Excluir uma conta de serviço de namespace
Console
Para excluir uma conta de serviço de namespace de um namespace, siga estas etapas:
- Na instância do Cloud Data Fusion, clique em Administrador do sistema > Configuração > Namespaces.
- Clique no namespace que tem a conta de serviço que você quer excluir.

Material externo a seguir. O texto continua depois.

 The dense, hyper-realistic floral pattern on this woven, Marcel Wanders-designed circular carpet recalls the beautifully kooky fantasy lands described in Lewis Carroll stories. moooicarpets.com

- Para remover a conta de serviço, acesse a guia Contas de serviço. Próxima No nome da conta de serviço, clique em > Excluir. Menu
API REST
Para excluir uma conta de serviço de namespace de um namespace, siga estas etapas:
Defina o
environment variables
, e, em seguida, execute o seguinte comando:curl -H "Authorization: Bearer $(gcloud auth print-access-token)" ${CDAP_ENDPOINT}/v3/namespaces/NAMESPACE_NAME/credentials/workloadIdentity -X DELETE
Substitua:
NAMESPACE_NAME
: o ID do namespace.
Acessar a conta de serviço do namespace
Console
Para receber informações da conta de serviço para o namespace, siga estas instruções etapas:
No console do Google Cloud, acesse Instâncias do Cloud Data Fusion e abra uma instância na página da Web Cloud Data Fusion interface gráfica do usuário.
Clique em Administrador do sistema > Configuração > Namespaces.

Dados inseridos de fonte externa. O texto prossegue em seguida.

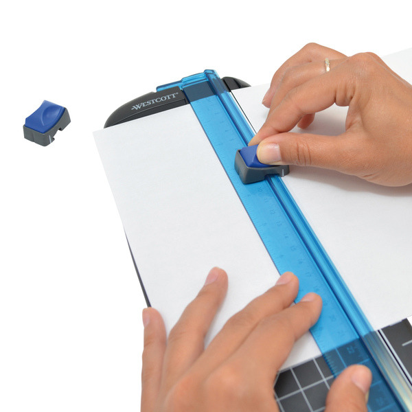 Multifunctioneel snijapparaat t/m 30 cm aanduiding met standaard en score snijmes. Uitvoering in blauw/zwart. Geleverd op blistercard.

Clique em um nome de namespace para ver os detalhes da conta de serviço.
API REST
Para conseguir o nome da conta de serviço do namespace, siga estas etapas:
Defina o
environment variables
, e, em seguida, execute o seguinte comando:curl -H "Authorization: Bearer $(gcloud auth print-access-token)" ${CDAP_ENDPOINT}/v3/namespaces/NAMESPACE_NAME/credentials/workloadIdentity -X GET
Substitua:
NAMESPACE_NAME
: o ID do namespace.
Se tudo der certo, você vai receber o e-mail da conta de serviço no resposta:
Response: {"serviceAccount":"SERVICE_ACCOUNT_EMAIL"}
A seguir
- Saiba mais sobre o caso de uso para controle de acesso com contas de serviço de namespace.
- Saiba mais sobre o controle de acesso baseado em papéis no Cloud Data Fusion.